[Dataset excerpts]
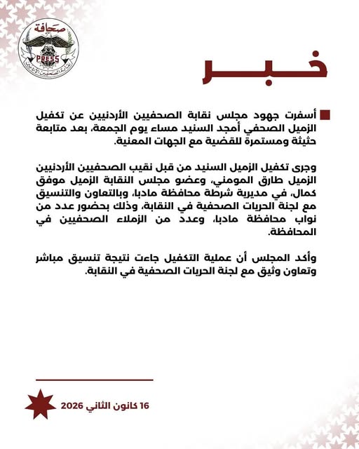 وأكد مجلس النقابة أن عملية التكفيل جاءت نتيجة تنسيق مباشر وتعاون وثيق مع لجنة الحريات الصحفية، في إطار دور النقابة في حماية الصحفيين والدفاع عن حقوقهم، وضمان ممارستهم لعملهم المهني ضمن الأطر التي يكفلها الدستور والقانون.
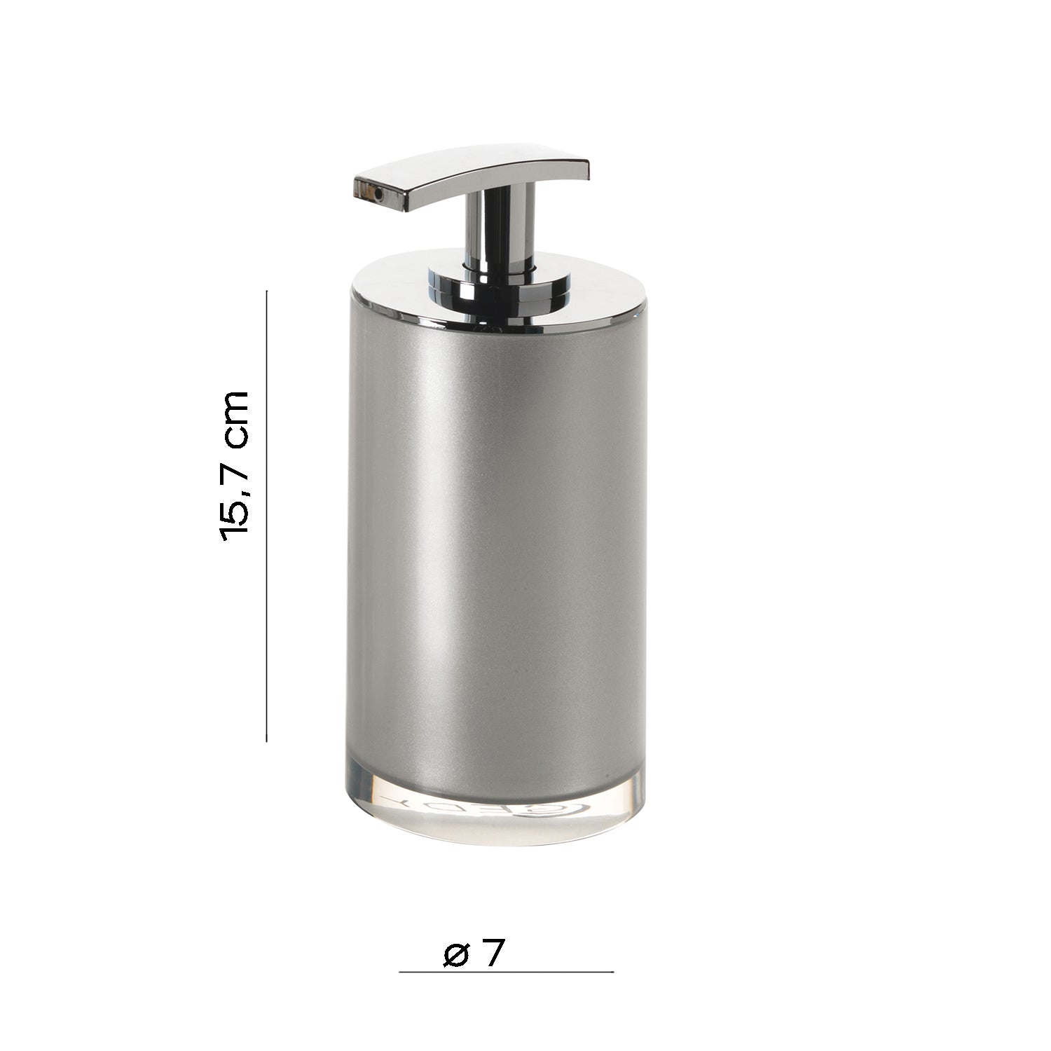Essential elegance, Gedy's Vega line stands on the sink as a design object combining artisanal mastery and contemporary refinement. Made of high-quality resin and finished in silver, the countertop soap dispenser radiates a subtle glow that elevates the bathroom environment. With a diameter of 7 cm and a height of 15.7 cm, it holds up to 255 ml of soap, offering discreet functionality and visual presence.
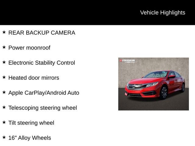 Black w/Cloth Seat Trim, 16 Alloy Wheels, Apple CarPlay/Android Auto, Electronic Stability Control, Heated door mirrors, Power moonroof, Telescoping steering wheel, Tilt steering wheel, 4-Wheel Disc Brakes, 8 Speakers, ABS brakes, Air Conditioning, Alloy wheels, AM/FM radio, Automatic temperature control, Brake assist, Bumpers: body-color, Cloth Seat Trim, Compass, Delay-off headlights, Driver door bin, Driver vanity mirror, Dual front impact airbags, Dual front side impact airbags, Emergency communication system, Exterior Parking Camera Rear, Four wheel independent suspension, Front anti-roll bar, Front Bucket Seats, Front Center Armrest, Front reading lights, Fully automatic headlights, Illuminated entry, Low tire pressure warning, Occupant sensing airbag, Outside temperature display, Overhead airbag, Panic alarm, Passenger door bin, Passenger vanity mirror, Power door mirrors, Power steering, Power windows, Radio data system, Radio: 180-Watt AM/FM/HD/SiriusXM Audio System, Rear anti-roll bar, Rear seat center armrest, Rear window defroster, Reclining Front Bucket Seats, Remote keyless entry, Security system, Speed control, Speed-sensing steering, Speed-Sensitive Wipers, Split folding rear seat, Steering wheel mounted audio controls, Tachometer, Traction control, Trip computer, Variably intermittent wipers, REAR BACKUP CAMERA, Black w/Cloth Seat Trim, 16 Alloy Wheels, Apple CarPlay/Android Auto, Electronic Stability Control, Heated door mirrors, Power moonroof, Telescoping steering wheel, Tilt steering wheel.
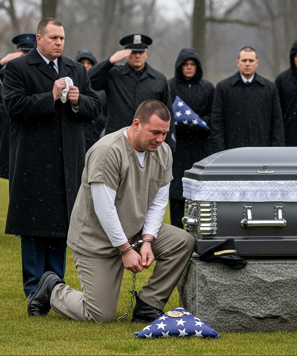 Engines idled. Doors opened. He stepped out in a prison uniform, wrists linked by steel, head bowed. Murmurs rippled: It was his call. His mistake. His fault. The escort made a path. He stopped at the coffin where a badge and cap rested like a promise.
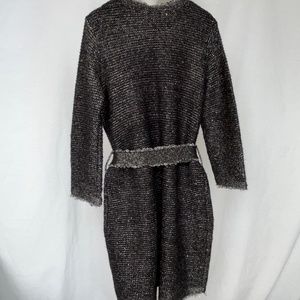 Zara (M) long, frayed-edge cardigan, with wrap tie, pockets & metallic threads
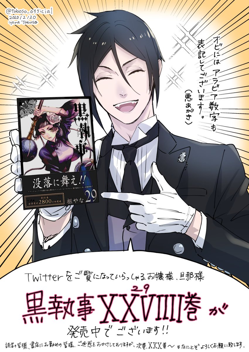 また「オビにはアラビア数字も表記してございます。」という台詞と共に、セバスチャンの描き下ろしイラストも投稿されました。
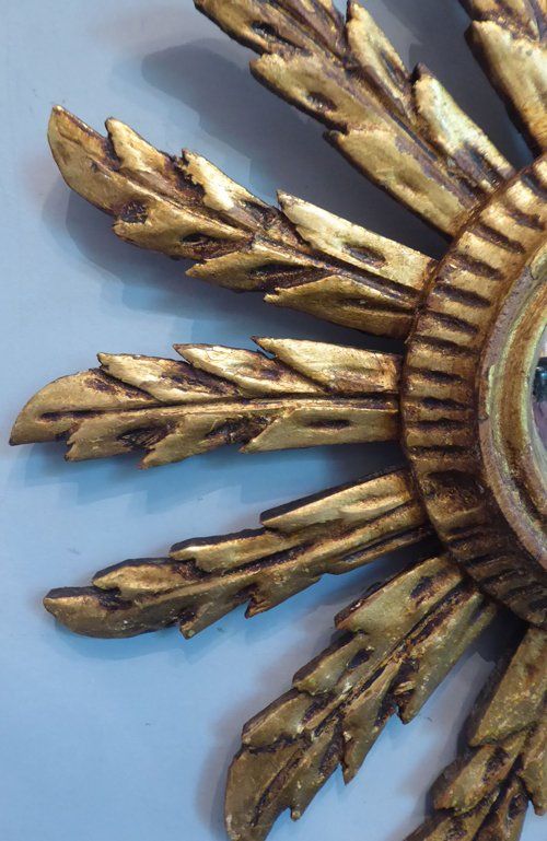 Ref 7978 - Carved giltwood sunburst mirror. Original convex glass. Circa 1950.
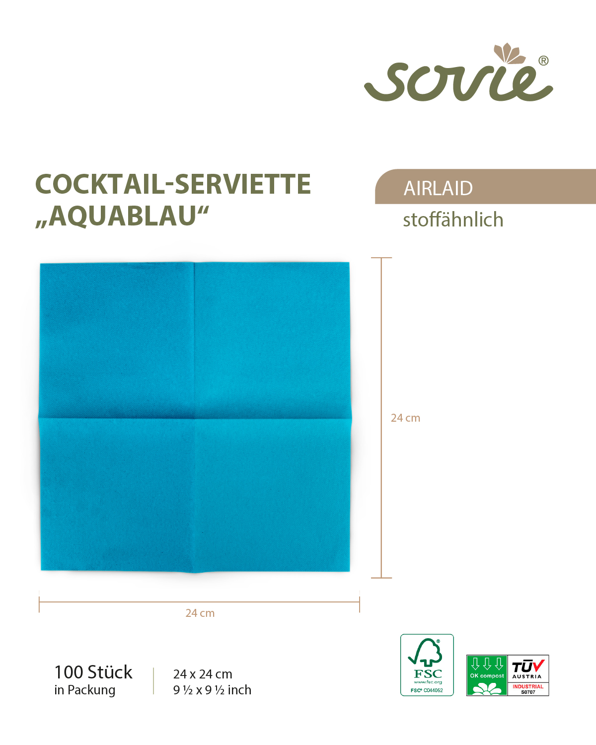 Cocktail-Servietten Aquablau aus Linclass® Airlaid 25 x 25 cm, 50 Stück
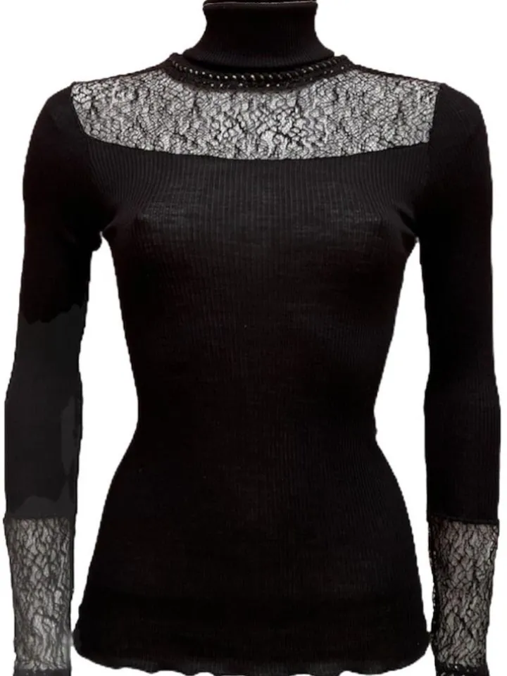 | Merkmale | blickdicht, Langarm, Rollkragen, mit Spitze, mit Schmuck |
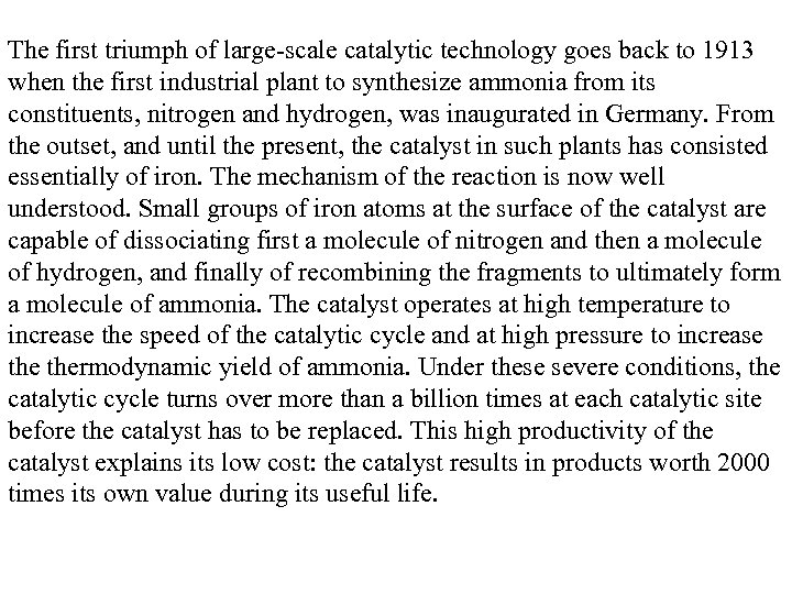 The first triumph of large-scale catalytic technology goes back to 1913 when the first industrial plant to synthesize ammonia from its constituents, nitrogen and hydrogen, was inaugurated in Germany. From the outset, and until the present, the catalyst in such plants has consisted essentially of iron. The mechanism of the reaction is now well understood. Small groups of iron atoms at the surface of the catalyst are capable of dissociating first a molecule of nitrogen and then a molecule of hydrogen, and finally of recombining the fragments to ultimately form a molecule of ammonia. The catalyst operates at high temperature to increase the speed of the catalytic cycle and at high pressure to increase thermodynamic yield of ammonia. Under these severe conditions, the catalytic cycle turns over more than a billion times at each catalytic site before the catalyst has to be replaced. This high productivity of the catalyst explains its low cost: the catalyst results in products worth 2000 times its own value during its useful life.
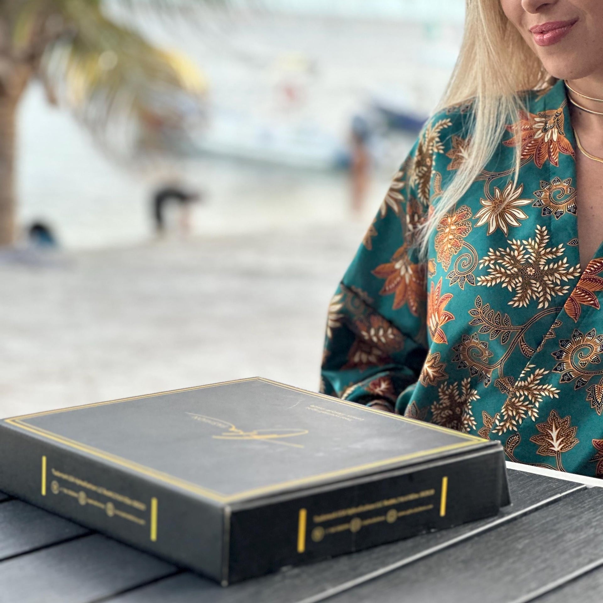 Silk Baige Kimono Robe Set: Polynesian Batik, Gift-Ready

What is needed: Go to the line above holding "Zara (M) long, frayed-edge", then copy exactly each line down to and including the one holding "mit Schmuck |", leaving pictures out.

Answer box:
 Zara (M) long, frayed-edge cardigan, with wrap tie, pockets & metallic threads
 また「オビにはアラビア数字も表記してございます。」という台詞と共に、セバスチャンの描き下ろしイラストも投稿されました。
 Ref 7978 - Carved giltwood sunburst mirror. Original convex glass. Circa 1950.
 Cocktail-Servietten Aquablau aus Linclass® Airlaid 25 x 25 cm, 50 Stück
 | Merkmale | blickdicht, Langarm, Rollkragen, mit Spitze, mit Schmuck |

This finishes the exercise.